Should women stop taking hormone replacement therapy after menopause and, if so, when?
By Wendy Haaf
Most women who take hormone replacement therapy (HRT) begin doing so during the period leading up to menopause to help ease symptoms such as hot flashes (which can be extremely bothersome and disruptive), night sweats, disturbed sleep, and mood swings. Estrogen is the main component of hormone therapy (also called menopausal hormone therapy), but since it increases the risk for uterine cancer, women who haven’t undergone a hysterectomy need to combine it with progesterone to reduce that risk.
A woman’s decision about whether to discontinue HRT and if so, when, should be based on a discussion with her doctor, “going over the risks and benefits of longterm prescription and making sure there are no absolute contraindications to taking the medication,” says Dr. Wendy Wolfman, the director of the Menopause Clinic at Mount Sinai Hospital in Toronto. Contraindications include a history of breast or estrogen-dependent cancer, active cardiovascular disease, active stroke, liver disease, and unexplained uterine bleeding.
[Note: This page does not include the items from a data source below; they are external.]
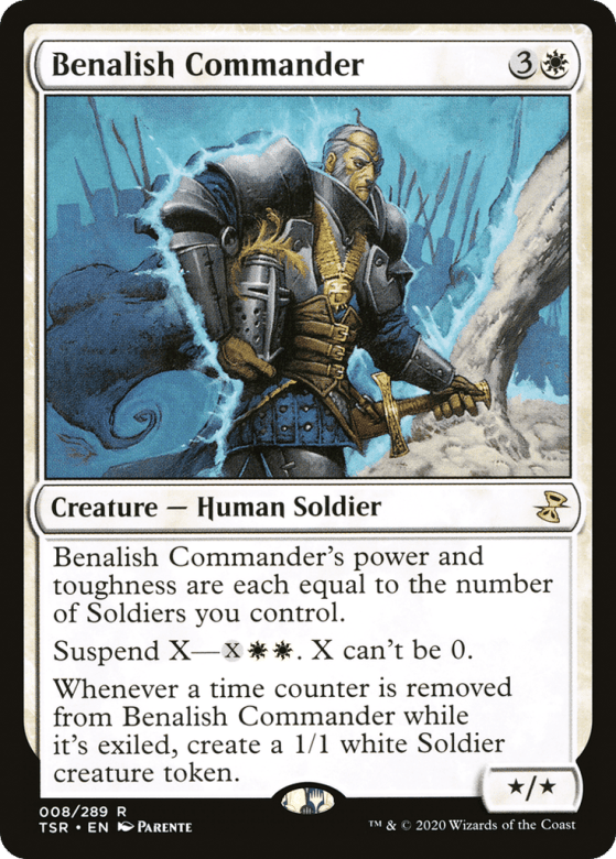 Benalish Commander's power and toughness are each equal to the number of Soldiers you control. Suspend X—{X}{W}{W}. X can't be 0. Whenever a time counter is removed from this card while it's exiled, create a 1/1 white Soldier creature token.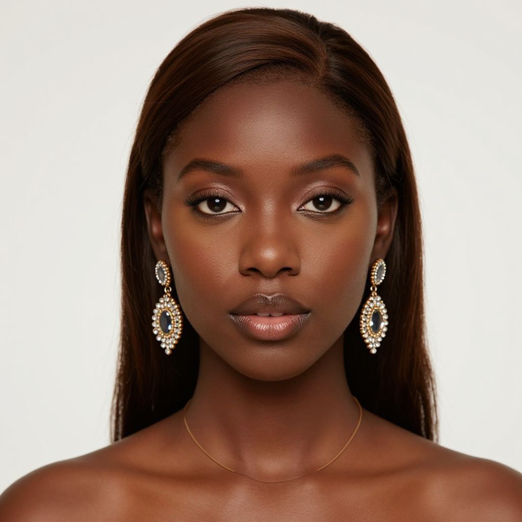 Photograph of a dark-skinned woman with straight, shoulder-length brown hair, staring directly at the camera. She has large, almond-shaped brown eyes, full lips with a subtle pink gloss, and a smooth complexion. She wears elegant, dangling diamond earrings with intricate designs and a thin gold necklace. The background is a plain white, making her features and accessories stand out prominently. Her expression is calm and confident. The image is sharply focused, highlighting the texture of her skin and the sparkle of the diamonds.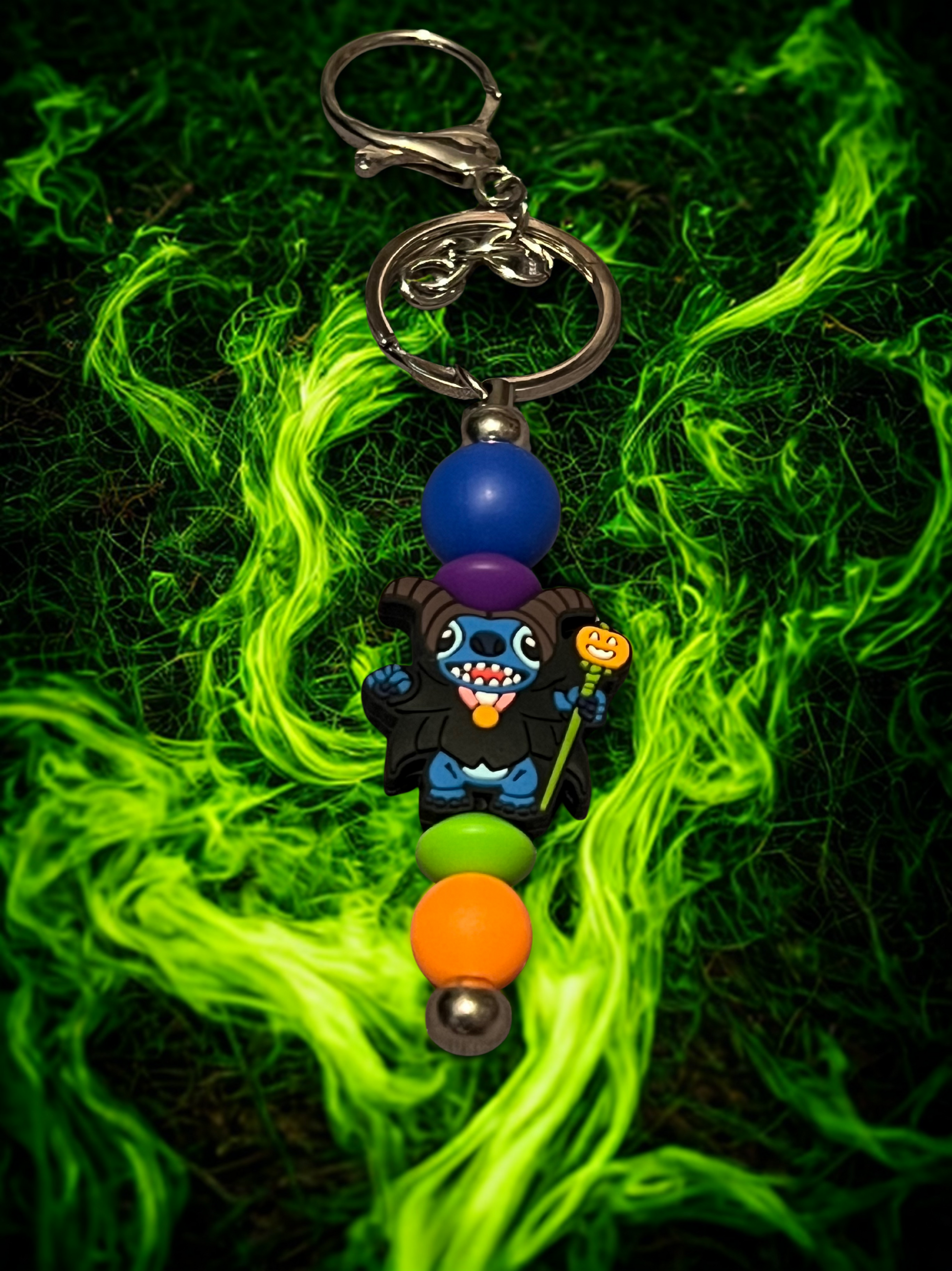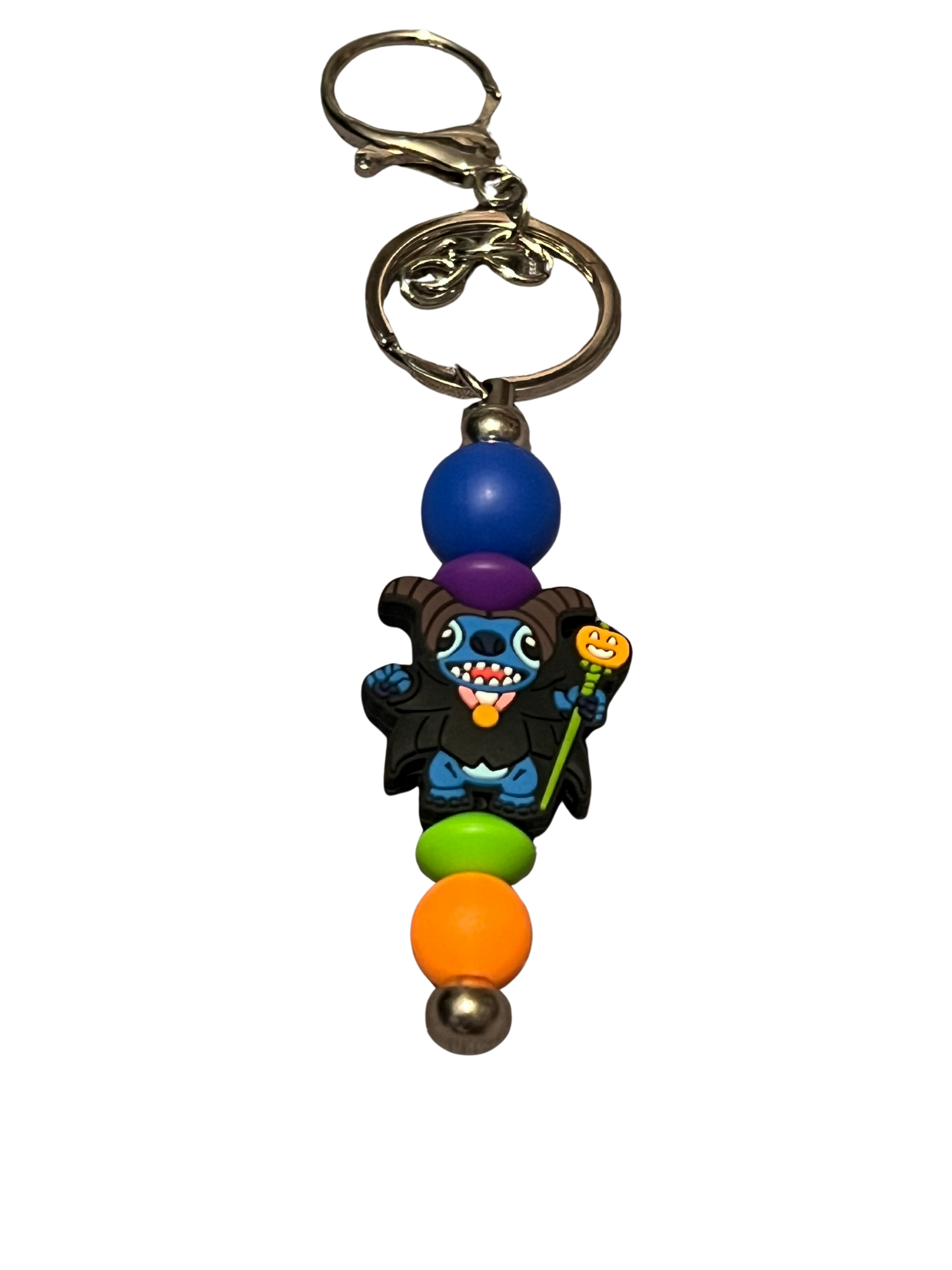 This mischievous mashup is pure magic! Featuring Stitch dressed as Maleficent—complete with horns, a staff, and an extra dose of attitude—this handmade beaded keychain is a colorful collision of cute and villainous. Bright Halloween-inspired beads add extra pop to this playful, one-of-a-kind accessory.

Among the benefits of continuing HRT is its potential to prevent bone loss. This may be an important consideration if you know you’re at a greater-thanaverage risk for osteoporosis and the potentially disabling fractures associated with the condition.
The main drawback of estrogen/progesterone hormone therapy is that there’s a slight increase in the risk for breast cancer—a risk that is thought to rise the longer a woman takes HRT. “The degree of actual risk is a bit controversial,” Wolfman says. She cites the Women’s Health Initiative, the largest randomized controlled trial: after 5.2 years, among both those taking estrogen alone and those taking estrogen and progesterone, “the risk was eight additional breast cancer cases in 10,000 women.
Even 20 years after stopping HRT, the women who took the continuous combined estrogen and progesterone therapy for 5.2 years still had a slightly increased risk for breast cancer.” By comparison, one small glass of wine a day is linked to one additional case of breast cancer per 100 women. At the same time, “there was no difference in the incidence of death, so you have to put the numbers in context,” she adds. Among women who took estrogen only, the rate of breast cancer was 20 per cent lower than among women who didn’t take HRT.
Age is also part of the equation. “Mostly, for women in their 50s, we think the benefits outweigh the risks,” Wolfman says. “In your 60s, as long as you have no absolute contraindications, it’s pretty neutral. In your 70s, there’s more risk for stroke, especially with higher doses of therapy and oral medications, as opposed to the patch.”
Then there’s the question of whether your symptoms will come back when you try to decrease the dose you’re taking (after you’ve discussed doing so with your doctor, of course) and, if so, how big an effect that will have on your quality of life.
In the end, Wolfman says, “each woman has to make her own decision.” Take that eight-in-10,000 figure. “Some women will say ‘Oh, that’s nothing.’ And another will say ‘I’m not doing that.’ It’s basically a decision between the doctor and the patient based on whether the patient feels that the benefits outweigh the risks.”